To warm up, let’s start with $k=3$. We want to prove that the numbers within the large square that’s $nth$ from the left ad $mth$ from the top sum to

  \[ (2m-1)(2n-1)T_3^2= (2m-1)(2n-1)9. \]    

First look at the large square that’s $nth$ from the left and lies in the first row of large squares.
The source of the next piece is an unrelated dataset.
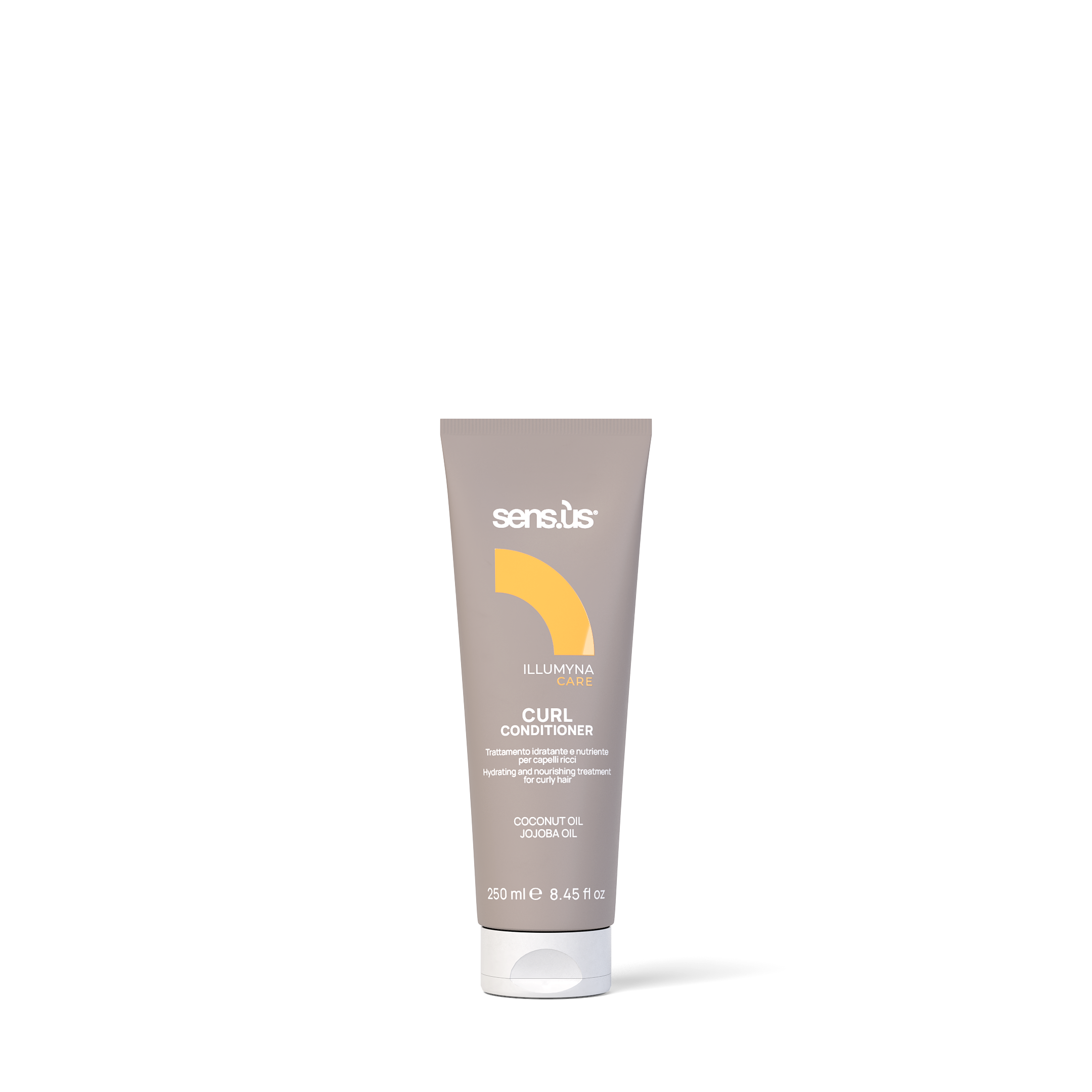 Sensus Illumyna Care Curl Conditioner je hydratační a vyživující kondicionér pro kudrnaté vlasy. S kokosovým olejem, jojobou a medem. Ideální pro péči o vlnité, kudrnaté a krepaté vlasy. Vyživuje a usnadňuje rozčesávání vlasů. Vlasy jsou po použití lehké, elastické a definované. Kokosový olej je skutečný elixír, který se v průmyslu péče o vlasy používá již desítky let. Tento olej získaný z kokosu lisovaného za studena posiluje proteinové vazby ve vlasech. Díky antimikrobiálním vlastnostem také podporuje zdravé vlasy. Kokosový olej vytváří bariéru proti vlhkosti, která udržuje kadeře pružné a definované i ve vlhkém prostředí. Jojobový olej má složení podobné přirozenému kožnímu mazu, který se nachází na vlasech. Tento velmi lehký olej účinně hydratuje a redukuje krepatění kudrnatých vlasů, aniž by je zatěžoval, a zároveň zvyšuje hebkost a lesk. Med díky své schopnosti přitahovat a zadržovat vlhkost, udržuje kudrnaté vlasy jemné a lesklé. Med, nabitý flavonoidy, fenolovými kyselinami a vitamínem C, je považován za silný antioxidant a změkčovadlo schopné dodávat hloubkovou výživu.

As we already noted above, the two numbers in the top row of this white square are $3(n-1)+1=3n-2$ and $3(n-1)+2=3n-1.$

By some very similar reasoning we can work out that the top two numbers in the large square that’s $nth$ from the left and $mth$ from the top are

  \[ \left(3(m-1)+1\right)\left(3n-2\right)=(3m-2)(3n-2) \]    

and

  \[ \left(3(m-1)+1\right)\left(3n-1\right)=(3m-2)(3n-1) \]    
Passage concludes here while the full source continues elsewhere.